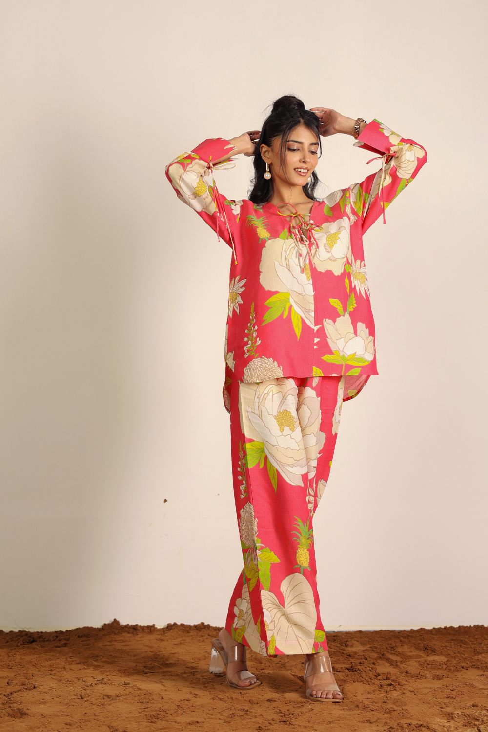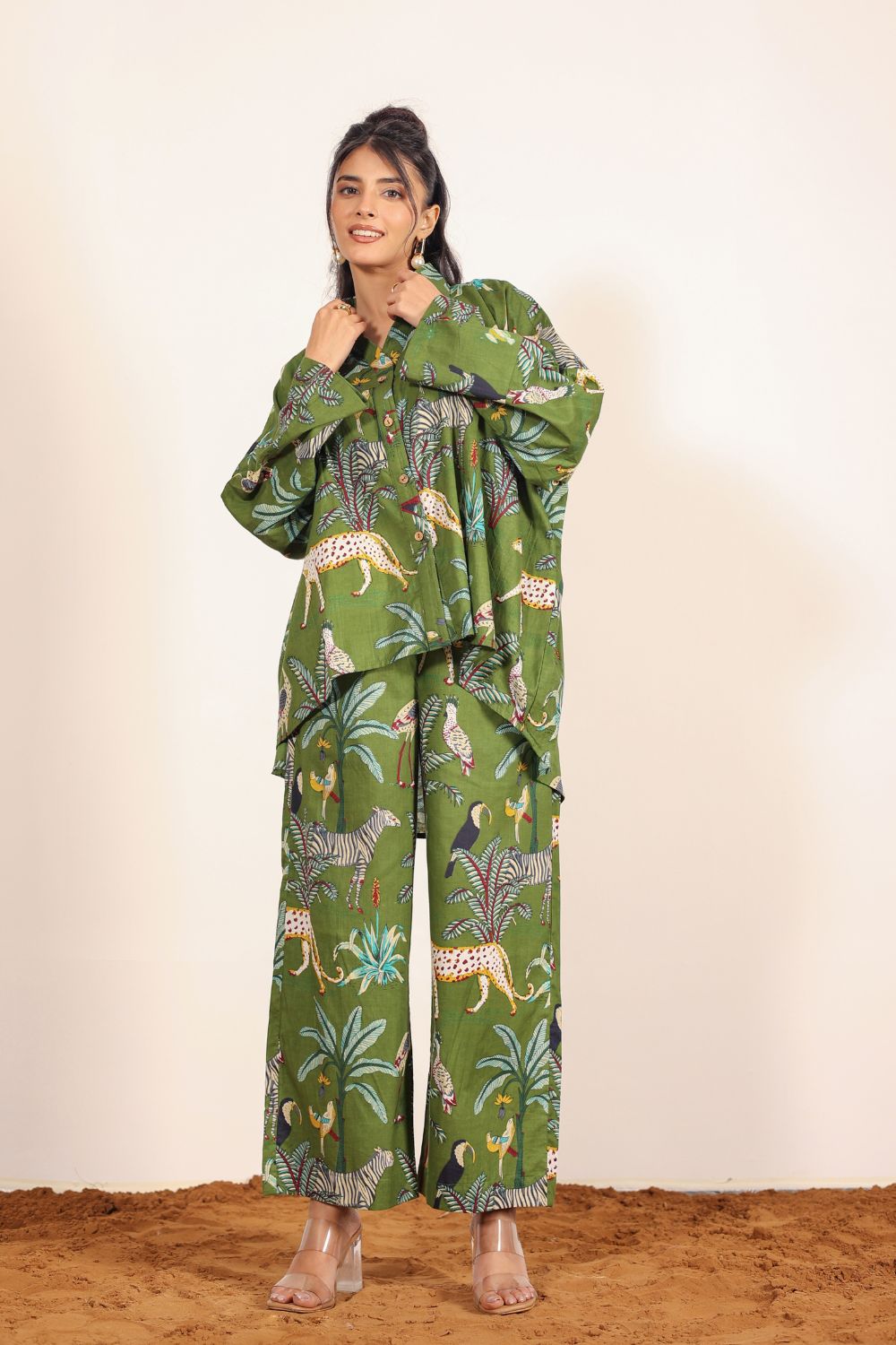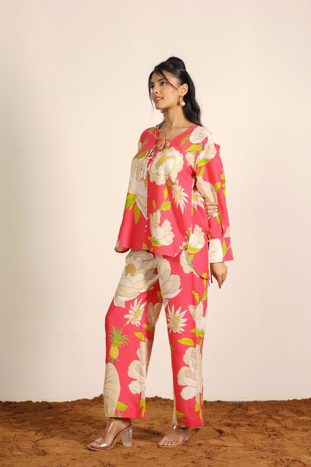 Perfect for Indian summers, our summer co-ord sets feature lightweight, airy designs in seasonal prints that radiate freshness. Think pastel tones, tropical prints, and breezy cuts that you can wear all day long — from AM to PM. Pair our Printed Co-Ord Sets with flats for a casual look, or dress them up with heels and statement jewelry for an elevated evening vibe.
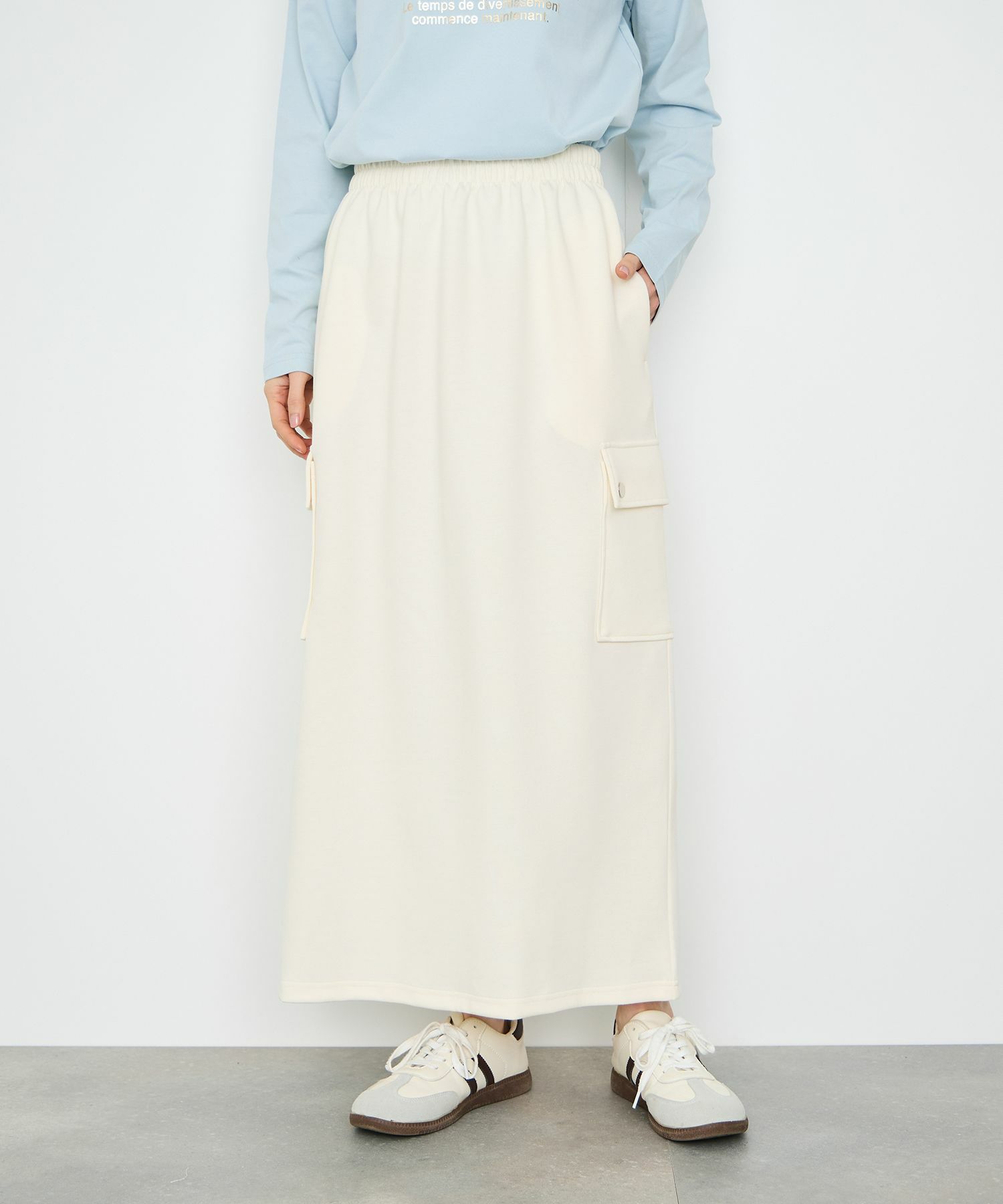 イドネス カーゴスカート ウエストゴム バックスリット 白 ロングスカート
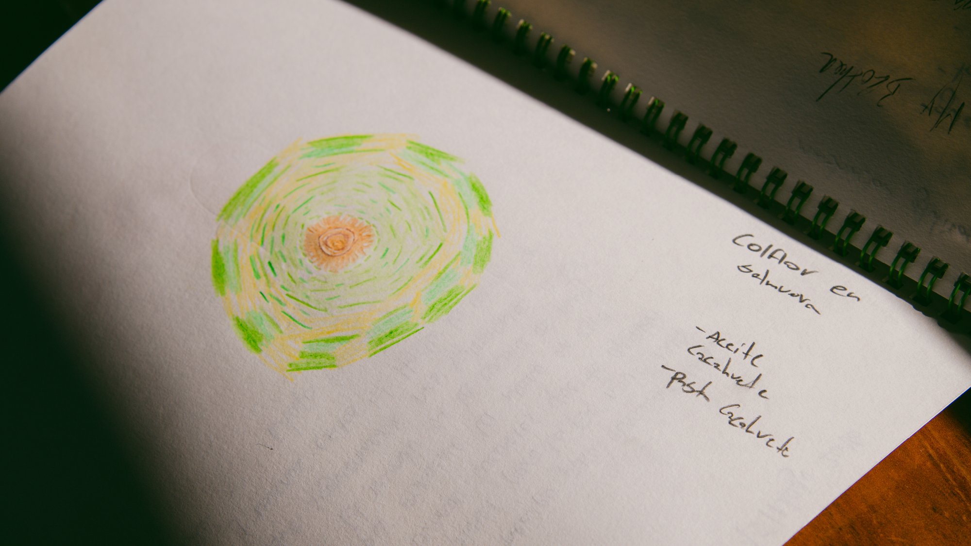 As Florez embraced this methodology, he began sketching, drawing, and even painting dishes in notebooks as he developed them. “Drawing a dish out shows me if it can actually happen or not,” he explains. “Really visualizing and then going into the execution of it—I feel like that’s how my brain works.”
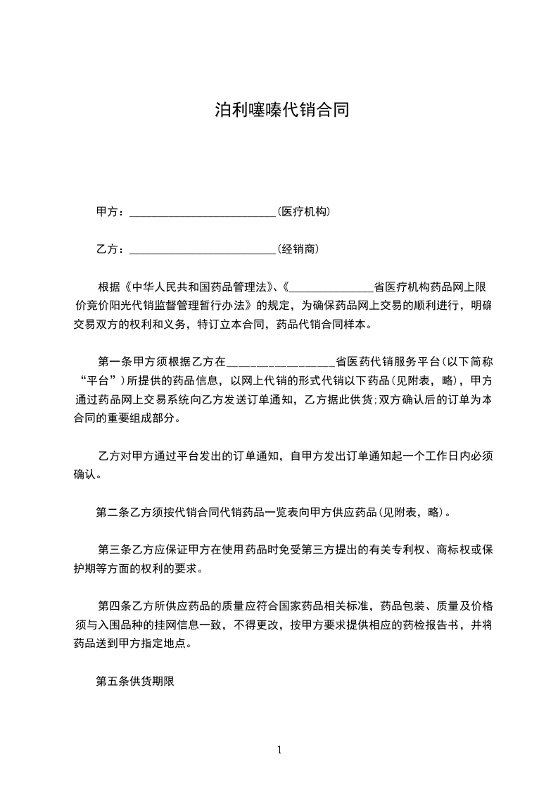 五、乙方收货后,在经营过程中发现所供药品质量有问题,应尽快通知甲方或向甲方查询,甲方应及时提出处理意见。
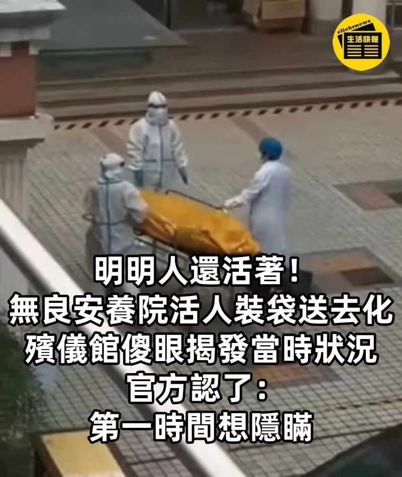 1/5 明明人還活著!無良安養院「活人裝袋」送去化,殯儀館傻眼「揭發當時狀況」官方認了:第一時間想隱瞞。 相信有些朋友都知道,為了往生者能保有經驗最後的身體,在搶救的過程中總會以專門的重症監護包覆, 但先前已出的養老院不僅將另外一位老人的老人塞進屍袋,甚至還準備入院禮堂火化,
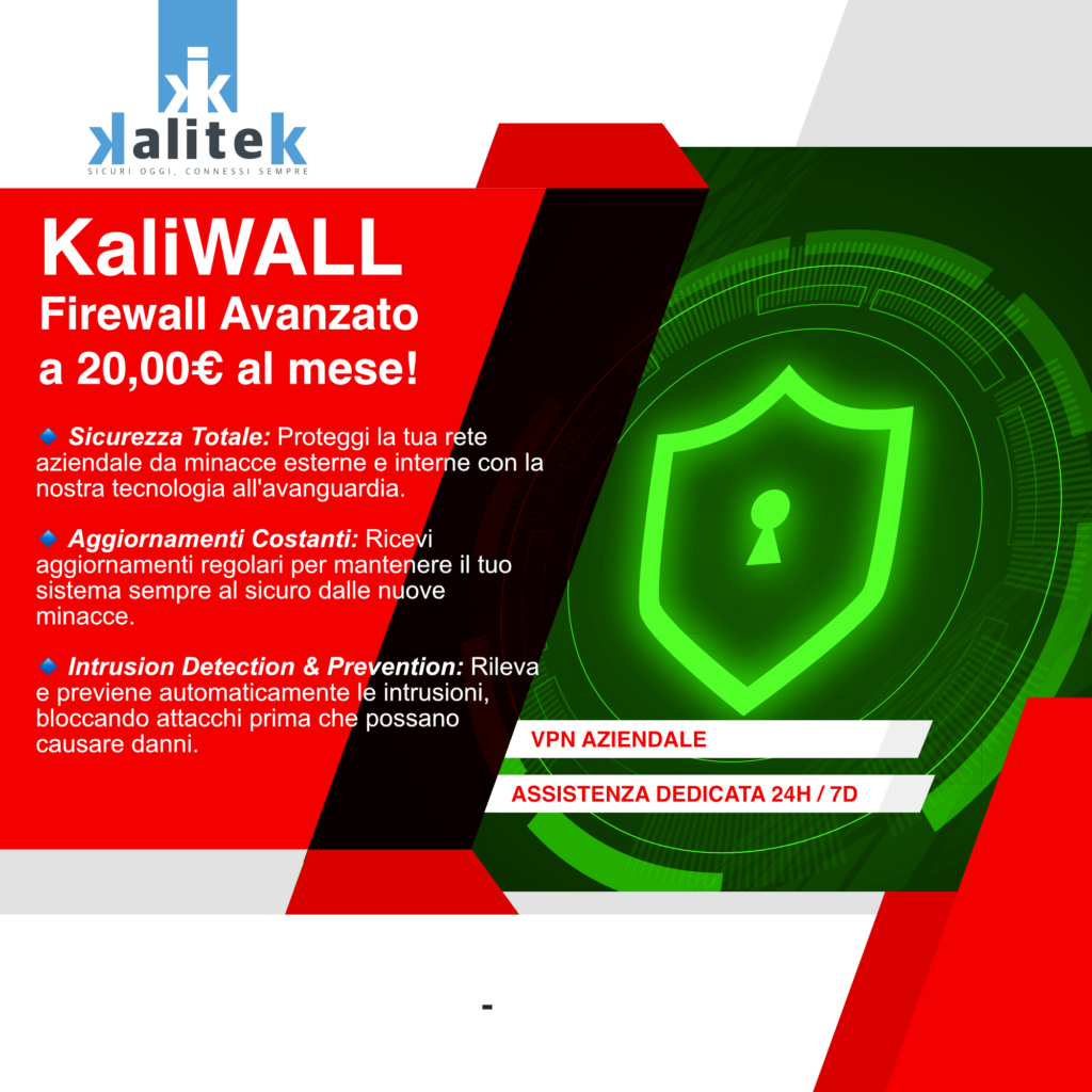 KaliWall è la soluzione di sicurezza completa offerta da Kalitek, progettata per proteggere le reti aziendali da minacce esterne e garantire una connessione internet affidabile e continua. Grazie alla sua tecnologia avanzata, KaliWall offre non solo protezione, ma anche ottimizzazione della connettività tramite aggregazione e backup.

━━━━━━━━

# [Problem to solve]
Print the lines from the one that contains "イドネス カーゴスカート ウエストゴム バックスリット 白 ロングスカート" through the last line of the data, exactly and in full, and no other lines. Pictures are not part of the copy.

# [Task answer]
 イドネス カーゴスカート ウエストゴム バックスリット 白 ロングスカート
 As Florez embraced this methodology, he began sketching, drawing, and even painting dishes in notebooks as he developed them. “Drawing a dish out shows me if it can actually happen or not,” he explains. “Really visualizing and then going into the execution of it—I feel like that’s how my brain works.”
 五、乙方收货后,在经营过程中发现所供药品质量有问题,应尽快通知甲方或向甲方查询,甲方应及时提出处理意见。
 1/5 明明人還活著!無良安養院「活人裝袋」送去化,殯儀館傻眼「揭發當時狀況」官方認了:第一時間想隱瞞。 相信有些朋友都知道,為了往生者能保有經驗最後的身體,在搶救的過程中總會以專門的重症監護包覆, 但先前已出的養老院不僅將另外一位老人的老人塞進屍袋,甚至還準備入院禮堂火化,
 KaliWall è la soluzione di sicurezza completa offerta da Kalitek, progettata per proteggere le reti aziendali da minacce esterne e garantire una connessione internet affidabile e continua. Grazie alla sua tecnologia avanzata, KaliWall offre non solo protezione, ma anche ottimizzazione della connettività tramite aggregazione e backup.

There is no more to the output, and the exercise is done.